Another project Ferretti contributed to was accurate modeling of spin interfaces of molecules. Research in spin interfaces is important to “spintronics.” Spintronics is an area of technology research that uses and modifies the magnetic moment (or spin) of an electron. For example, by changing the spin on an electron, data can be encoded on a single atom. Quantum computing and extreme density magnetic storage are potential applications of electron spin. But spin interfaces using certain materials have exhibited instability over changing temperatures.
“We wanted to simulate a model of ferromagnetic and antiferromagnetic coupling of spin interfaces that had been started experimentally,” commented Ferretti. “Colleagues in the lab were able to characterize the system very well, so we knew a lot about it already and could use the data from experimentation to build a very accurate (though expensive) model to simulate.”
The system turned out to be very, very large, and they were dealing with atomic values that are very, very small.
“Magnetism at the molecular level is very dependent on a delicate balance between different total energy solutions,” added Ferretti. “The actual atomic structure of the system determines the actual magnetic coupling. Yet, we are looking at energy differences that are six or seven orders of magnitude smaller than the total energies we can compute. So, if we want our model to be predictive, we need to be as precise as possible; we cannot oversimplify the problem with loose approximations. That takes a lot of computing power.”
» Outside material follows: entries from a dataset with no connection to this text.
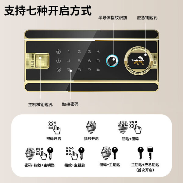 虎牌保险柜家用小型指纹密码WiFi保险箱办公全钢防盗可入墙 70金刚黑 驭尚系列(密码+指纹+京东小家App智控WiFi)
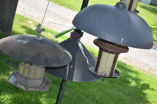Large assortment of bird feeders
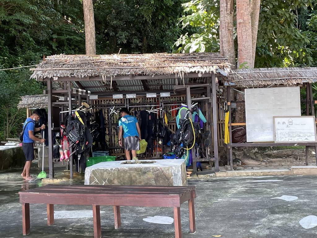 Le dive center est une toute petite paillote, avec ce qu’il faut : rangements, bacs. Un bâtiment est en construction, qui accueillera aussi une caméra room moderne.
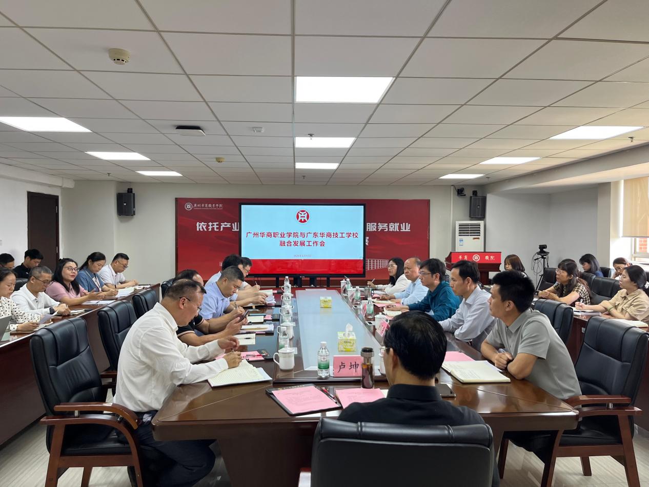 5月12日下午,2025新澳门免费原料网与广东华商技工学校在行政楼715会议室召开两校融合发展工作会。2025新澳门免费原料网校长卢坤建,党委书记翁礼成,常务副校长袁国繁,副校长黄俊斌、孙虎,广东华商技工学校校长童国梁,副校长傅谦、周永生以及两校相关的职能部门负责人、二级学院负责人和专业负责人共同参加此次会议。会议由卢坤建主持。
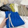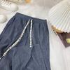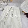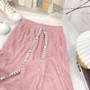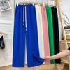 Calças femininas de cintura alta com cordão e textura plissada Chiba, pernas largas, drapeadas, retas, casuais, para primavera e verão

Marconi made it possible to simulate the system as close as possible to the experimental data. The researchers were able to go on to illustrate an advanced organic spin-interface architecture with thermal stability using graphene as a mediator between the metal molecules being affected and an underlying Cobalt layer. The research is a step toward innovating nanoscale systems and devices such as single molecular magnets.
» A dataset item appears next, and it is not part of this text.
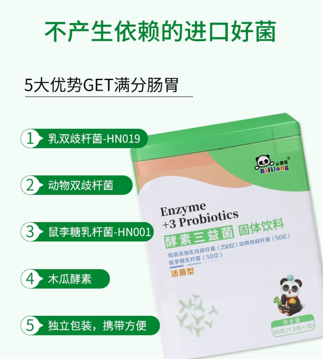 酵素三益菌,每袋添加350亿株活性益生菌 促进免疫,肠道双向调节,促进肠道活动。酵素三益特别添加了乳双歧杆菌、LGG鼠李糖乳杆菌、动物乳双歧杆菌三菌合-促进肠道活动、减少腹泻的发生,促进肠蠕动,调理便秘,帮助排便效果更好。
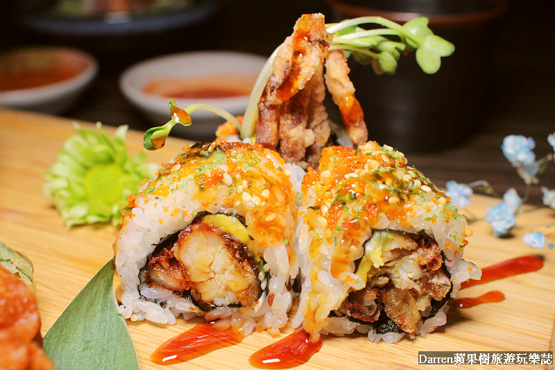 色彩繽紛的軟殼蟹卷壽司,軟殼蟹肉酥香可口,

Graphene is promising for a number of electronic applications at nanoscale. Formed into graphene nanoribbons (GNRs) it has been theorized they can be used for nanoscale light-emitting devices with controllable color emissions. But the experimental research is limited, and it has not integrated them into nanoscale electronic circuits with tunable color. Ferretti’s computational work on Marconi, along with experimentation, illustrated a novel approach to studying the electroluminescent properties of GNRs. “This research further confirms that atomic precision control of a structure integrated with a GNR can change the emission color of the ribbon. This opens the door to further research into production of GNR materials with predictable, tunable properties, whereby they can be functionally used in nanoscale circuits.”
These are only a few ways Marconi is helping to expand the world’s body of knowledge and bring insight into a host of scientific research. According to Cavazzoni, “at least 50 percent of Marconi is dedicated to larger European computational projects. A large part of that is in materials research, such as that of Doctor Ferretti. But, we also contribute to computational science in astrophysics, engineering, earth science—including weather and climate—high-energy physics, quantum chromodynamics (QCD), and bioinformatics. These are the main drivers of Marconi production.”
The next step for Cineca toward exascale is to add a 50 petaflops supercomputer in the next few years. That will enable even greater discoveries in the near future.